In this chapter, a table showing the squares, cubes, square roots, and cube roots of natural numbers up to 50 is given. A table like this is an 'aid' to make calculations easier just the way an electronic calculator is. It is a 'ready reckoner' that can be consulted whenever calculations involve indices 2, 3, \(\frac{1}{2}\), or \(\frac{1}{3}\).

Teacher's Note

Tables of squares and cubes serve as quick reference tools, much like looking up contact information in a phone book or consulting a conversion chart while cooking.

Using The Table

Example 5: Evaluate \(\sqrt{38} - \sqrt[3]{38}\).
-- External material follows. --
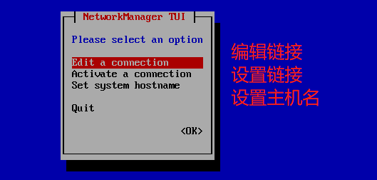 用 上下左右建控制 1.管理你的链接 2.激活和反激活你的链接 3.修改主机名称  修改主机名 第三项 回车 更改  编辑一个链接     创建成功  进行删除 激活 反激活 * 代表激活

Run your finger down the column for natural numbers 'n' and stop at 38. Move right along the row of 38 and stop at the column for the square root of n, correct up to 3 decimal places. Read the value of \(\sqrt{38}\). Similarly, read the value of \(\sqrt[3]{38}\) under the column for \(\sqrt[3]{n}\).

\(\sqrt{38} - \sqrt[3]{38} = 6.164 - 3.362 = 2.802\)
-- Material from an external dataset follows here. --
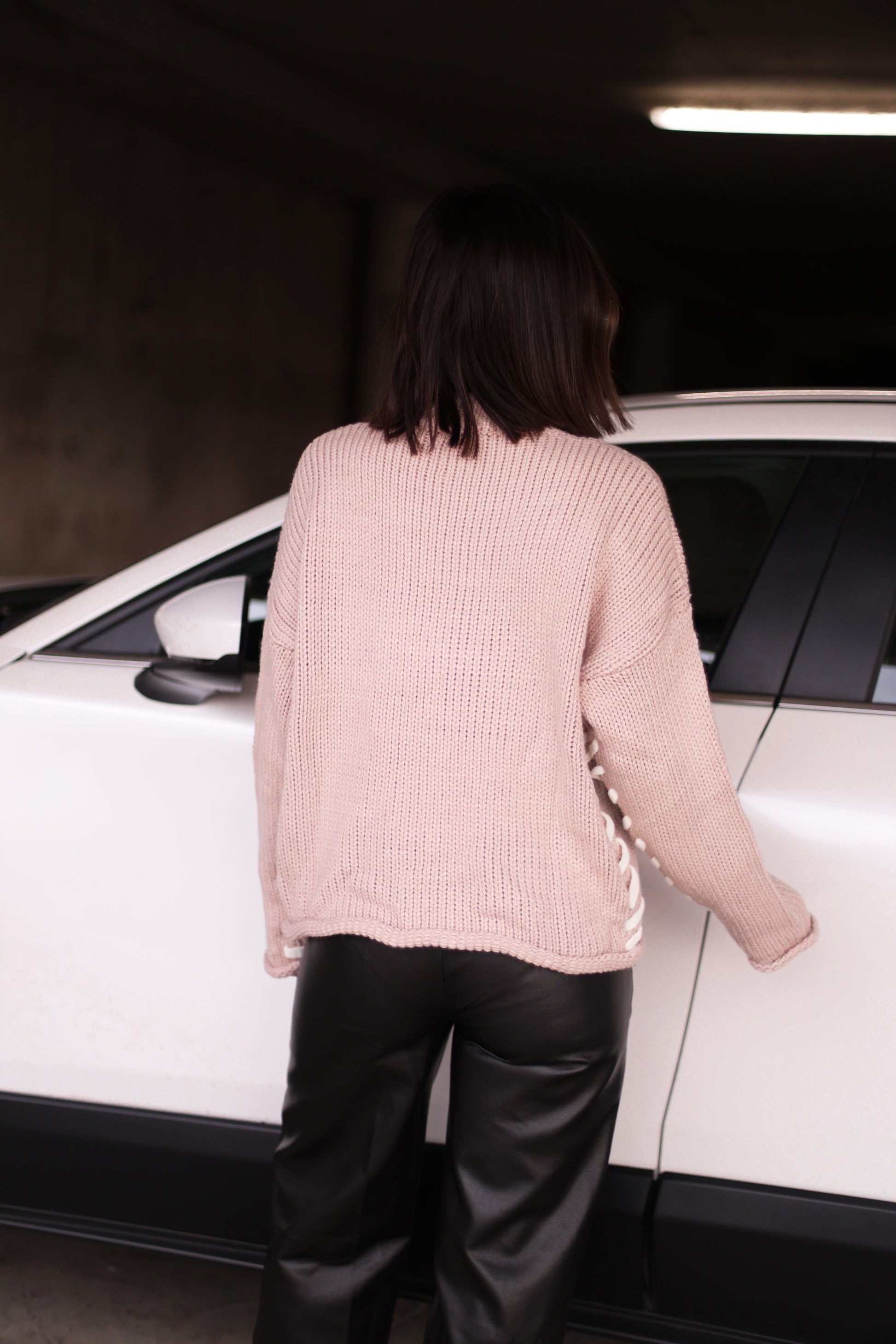 This taupe sweater features a stylish faux stitch detail on the side seam. elevating your look with a touch of sophistication. The long sleeves provide warmth and comfort. making it the perfect addition to your winter wardrobe. Expertly crafted. this sweater is both fashionable and functional.

Example 6: Evaluate \(2\sqrt{19} + 3\sqrt[3]{15}\).

From the table,

\(\sqrt{19} = 4.359\) and \(\sqrt[3]{15} = 2.466\)

Then \(2 \times 4.359 + 3 \times 2.466 = 8.718 + 7.398 = 16.116\)
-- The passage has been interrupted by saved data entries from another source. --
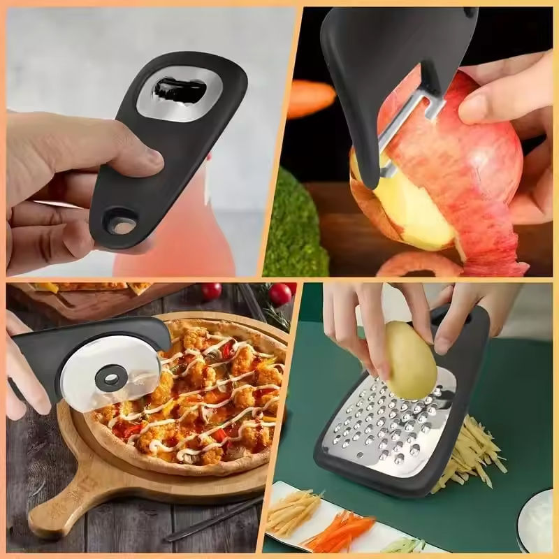 Juego de Utensilios de Cocina de 6 Piezas, Accesorios de Cocina que Ahorran Espacio, Pelador de Frutas y Verduras, Rallador de Chocolate, Abrebotellas, Cortador de Pizza
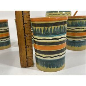 Vintage Italian Art Pottery Midcentury 60s Pitcher Cup Set Striped
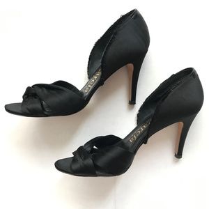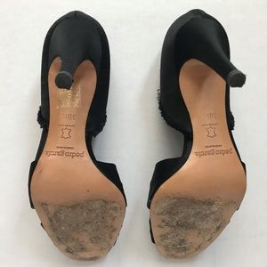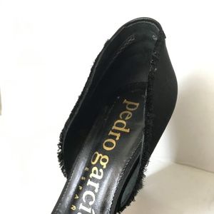 These are the Pedro Garcia Black Damaris Heels. They are worn but the only show of wear is the fraying on the edges of the shoe. It has a 3 1/2 inch heel. Comes with the box and a dust bag. Feel free to message me with any questions you have.

Example 7: Use the table to verify

\(45^3 - 20^3 = (45 - 20)(45^2 + 45 \times 20 + 20^2)\)

Reading the values of the squares and cubes from the given table,

\(91125 - 8000 = 25(2025 + 900 + 400)\)

\(\Rightarrow 83125 = 25 \times 3325\)

\(\Rightarrow 83125 = 83125\)

Thus the given statement is verified.

Example 8: Evaluate \(\sqrt[3]{930}\), correct up to 3 decimal places.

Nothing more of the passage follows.